Lucy (Jackson, lead editor) and I were stuck for the issue’s title, and we got so bored of trying to come up with something that we started looking at Ralph Wiggum quotes to use. None of them really worked, but it definitely put us in the right mindset as we soon came up with “Look, Daddy, I made a magazine!” (which is something he could have said) – once we settled on the title, the whole theme of the issue clicked into place.
What criteria did you set yourself for discovering and selecting photographers for the first edition?
We never really set specific criteria, we mostly had a very long list of photographers that we are just huge fans of and wanted to let their work influence the aesthetic.
You have decided to lay bare the machinations of creating a magazine, including correspondence with contributors and The Guardian over licensing. At what point did you decide to pivot in this direction?
I think it was really because we were struggling to write content and figure out what our voice was. The logical step seemed to be that we should begin to document the struggle we were having instead of just writing about the work.
I think something my generation value a lot is authenticity – I wanted to be completely transparent with how we go about everything and showing the importance that anybody can make a magazine, you just have to work at it to figure it out.
The design of the magazine is a mix of dark and voyeuristic mixed with childish scrawlings – it’s almost digital in a glitchy, disruptive way. Is this intentional?
The childish drawings were a massive reflection of the theme. They work incredibly and surprisingly well in contrast with the very adult nature of the photography, bringing a more playful feel to the magazine.
I wouldn’t say that the digital aspect was deliberate, but we wanted to take inherently digital elements, such as the screenshots, and place them into a different context giving it a more timeless feel.
Who is the audience you hope to connect with Rotten?
I mainly made Rotten for myself and to get approval from my dad, but since launching the first issue we’ve gained our own little niche audience of successful photographers, artists, graphic designers and a variety of people who are incredibly supportive and who we would be nothing without their help!
Who is inspiring you in the world of photography and publications at the moment?
So many people that I have no idea where to start. I guess if I have to list a few, Buffalo Zine would definitely be close to the top – I met them at their studio in Hackney in the early days of making Volume One and they gave me some good advice.

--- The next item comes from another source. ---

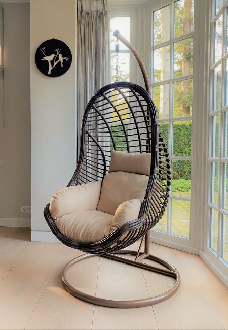 Der Hängesessel hat ein schönes und exklusives Rattan-Design. Dieser Stil sorgt dafür, dass es nicht nur Sie, sondern auch alle Ihre Gäste anspricht. Zudem ist der Hängesessel durch sein rundes Stahlgestell sehr robust und sehr stabil. Es kann ein Gewicht von 120 kg tragen.

Another magazine would be Civilization, a massive fold-out newspaper that is littered with conversations and interviews from every-day people in New York.

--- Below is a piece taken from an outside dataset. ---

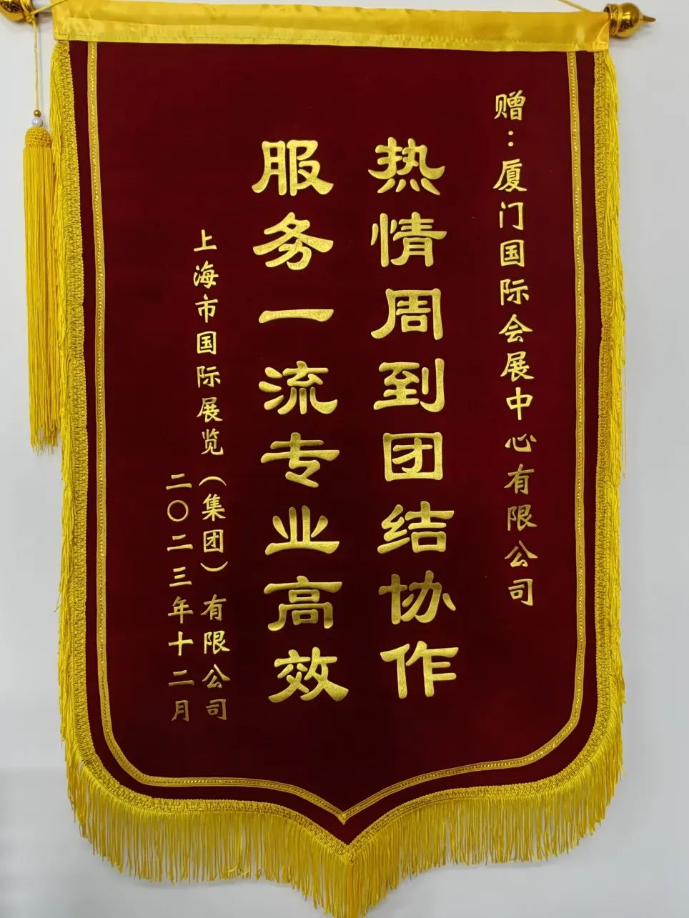 近日,建发会展收到2023国际摄影旅拍展暨婚纱摄影器材、儿童摄影、婚纱礼服、彩妆造型及时尚配饰展组委会——上海市国际展览集团的锦旗,感谢建发会展对其首次异地办展所给予的大力协调和支持,为整场展会提供了有力的保障,让展会得以平安有序的举办,并高度肯定了建发会展团队认真负责的工作态度、奉献精神,以及专业、周到、细致的服务保障工作。

In terms of photographers, well, you’ll have to just wait to see them in Volume Two…
What has your Dad’s reaction to it been like? Have you made him proud? Am I right in assuming he is the photographer Paul Seawright? If so, what challenges are presented when you are the son of a well-known photographer? What advice do you take and to what extent do you attempt to plough your own furrow?
Yes, that’s him! I think there’s definitely been a bit of pressure to do well, probably mostly been put on by myself. He’s always known that I am creative, and I wanted to prove to him that I could do something with it.
My dad built his career all by himself which inspired me the most and gave me the drive to make Rotten without the help of anyone, with no helping hand (apart from Lucy). I actually didn’t show him the magazine until it was printed.
Are there plans afoot for Rotten vol. 2?
The plans for Volume Two are well underway. We started at the beginning of the year and it’s moving along quickly and already into the editing stage. We have some really exciting features and I’m happy with the direction it’s going in.